The Crown Commercial Service (CSC) has signed a new ‘Memorandum of Understanding’ (MoU) with Oracle, the government’s database provider, despite previous attempts to ditch the service.

The MoU, a non-legal statement of intent, will extend services with Oracle over the next three years. The scope also now includes other public bodies, such as the NHS.

Despite the government assuring that it will “deliver additional savings for the taxpayer”, Oracle operates without competitors and has previously failed to lower its soaring prices during negotiations with the government in 2010.

Conservative MP Kit Malthouse, former deputy mayor of London for business and enterprise, spoke out against the cloud service during London Technology Week last year.
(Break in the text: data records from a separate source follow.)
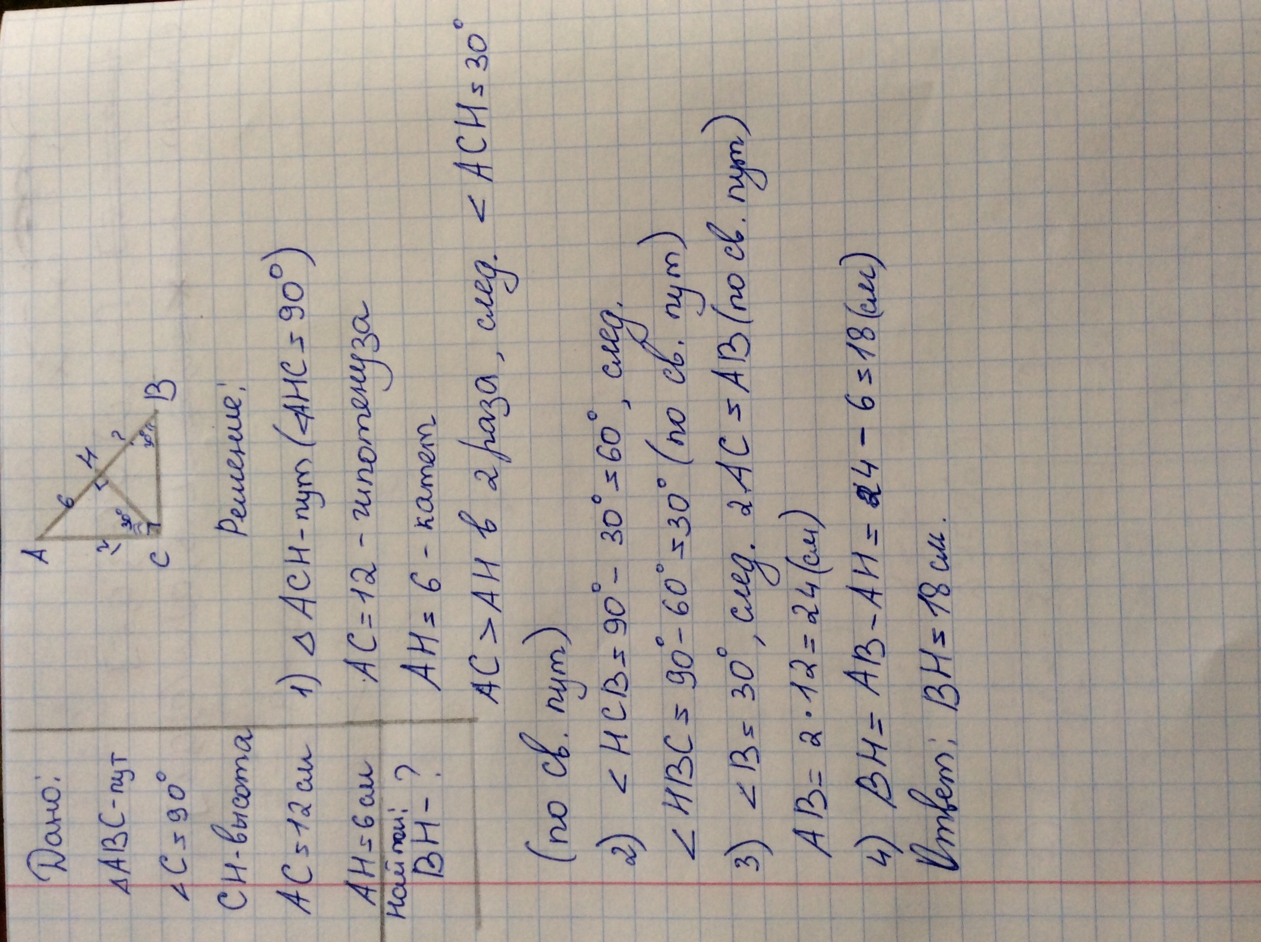 В прямоугольном ∆ABC(С= 90) проведена высота СН. Найдите ВН, если АС=12 см, АН = 6 см.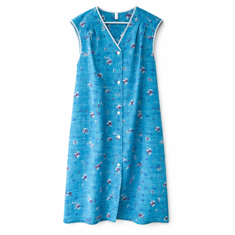 Dederon Kittel-Schürze in hellem Blau im locker-leichter Schnitt - tolles Muster und leuchtende Farben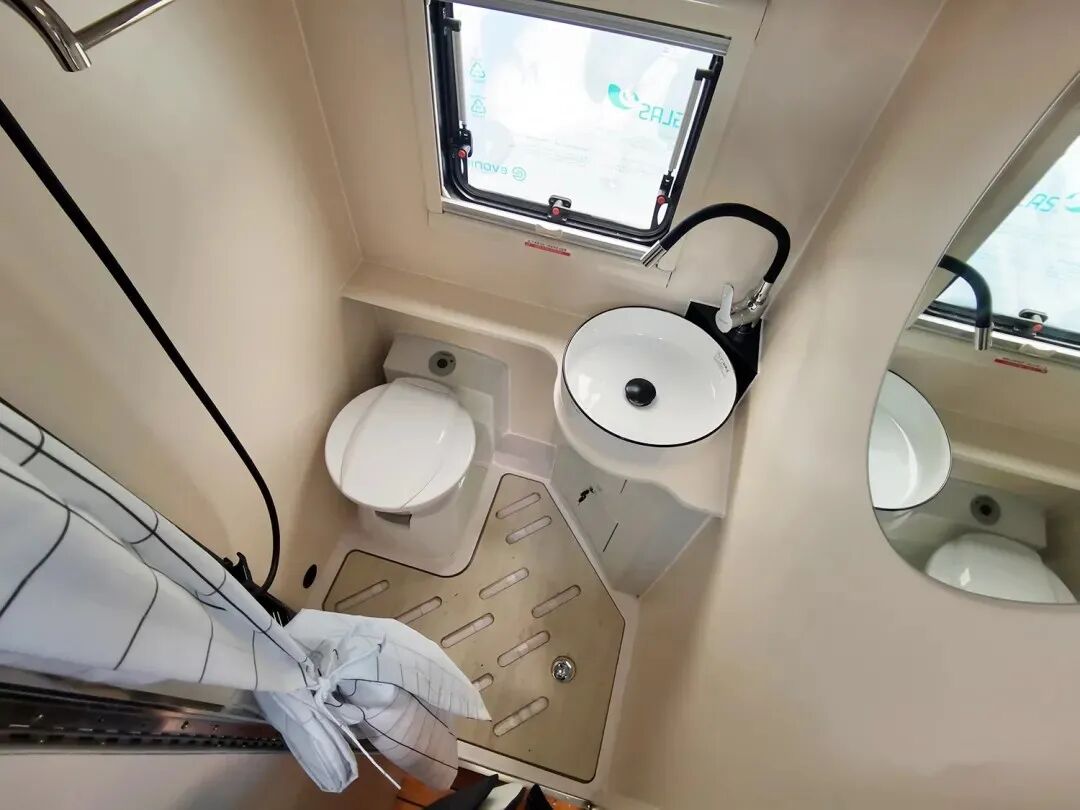 卫浴区采用封闭式设计,地面还做了干湿分离;内部配置了多美达车载马桶、毛巾架、浴镜、浴帘、独立淋浴花洒、一体式洗漱池等多种设施,充分满足日常洗漱需求;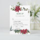 Elégante carte RSVP de mariage rouge Poinsettia Watercolor Pine.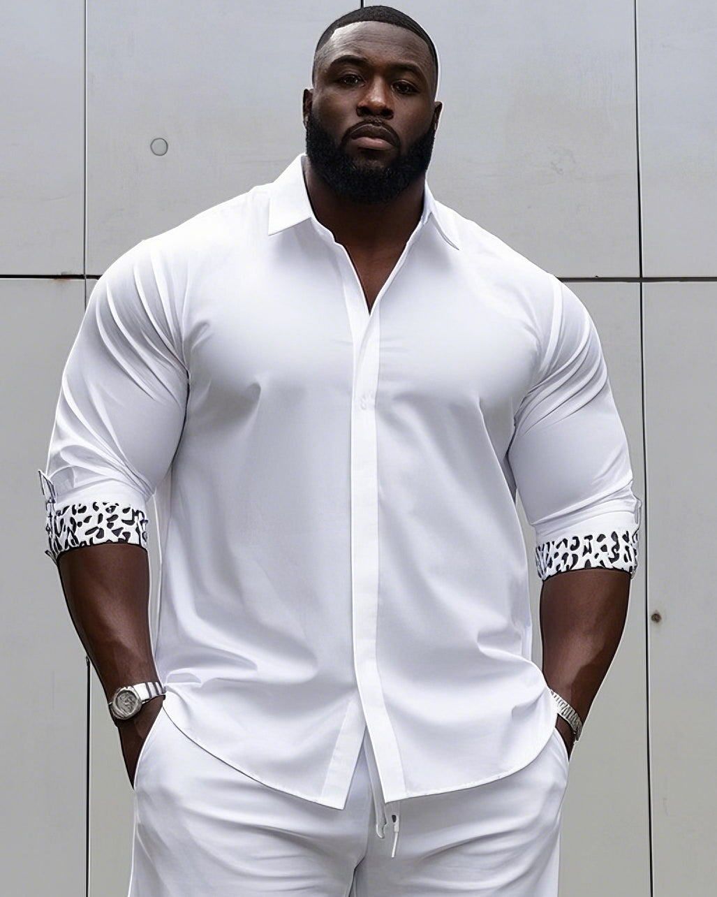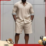 Men’s plus-size casual daily long-sleeved shirt and shorts suit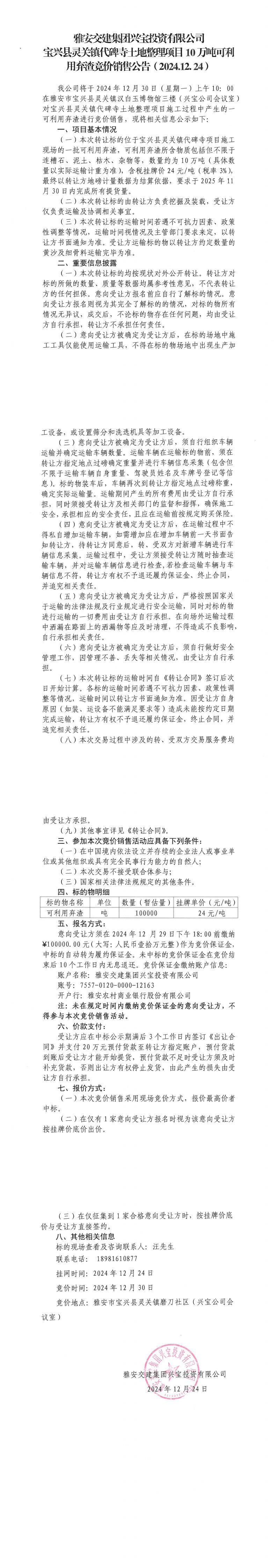雅安交建集團(tuán)興寶投資有限公司靈關(guān)鎮(zhèn)代碑寺土地整理項(xiàng)目10萬噸可利用棄渣競價銷售公告(2024.12.24)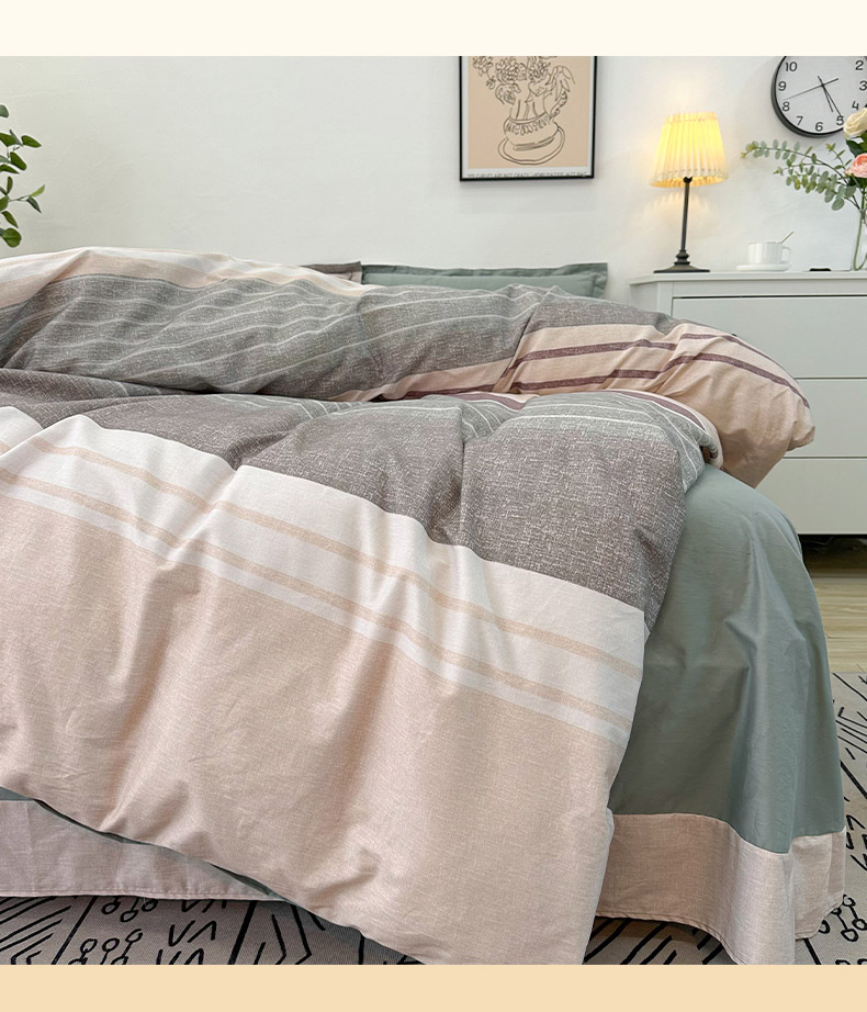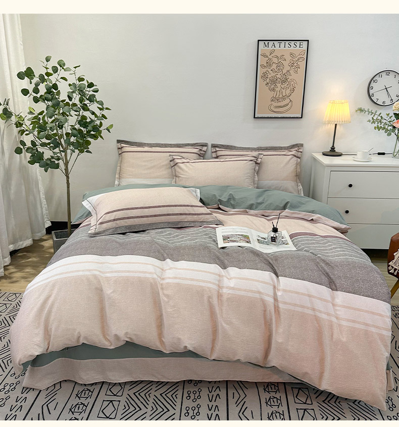 (总)橙艺家居 2022新款全棉色织水洗花边细条纹四件套套件,蜜桃粉,牛仔蓝,浅卡其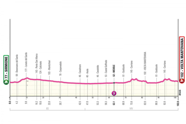 Los velocistas tendrán dos oportunidades para las volatas en el segundo día con final en Volta Mantovana (102 km) y la en la quinta etapa con final en Foligno con 111 km.

He had said his “top priority was to take Oracle down” and added: “I want someone in London to crack the Oracle lock that they have. Oracle seems to be the only people who can handle data on vast volume.

“Like most people in government, I’ve been screwed by Oracle.”

Commenting on the government’s 2010 austerity measures, which included negotiations to the service’s prices, he said: “They weren’t particularly generous on the discount. We found ourselves in a situation where there wasn’t really anywhere else to go.”

Earlier this month, IT website The Register reported that the Cabinet Office had formally contracted central agencies in July tasking them with “getting rid of Oracle”.

According to TechMarketView, the government spent £290m with Oracle in 2013.

The Register also determined that the Department for Environment, Food and Rural Affairs (Defra) was buying over two million Oracle licenses at £155 per employee, contrary to the government’s guidelines of £93 each – with a view to reduce it to £52.

Despite this, Sally Collier, chief executive of CCS, said: “The enhanced MoU will deliver savings across government and allow easier and more effective procurement of Oracle products and services. It lays the foundation of a more collaborative relationship between government and Oracle.”

The government has not defined projections of how much money the new MoU will save.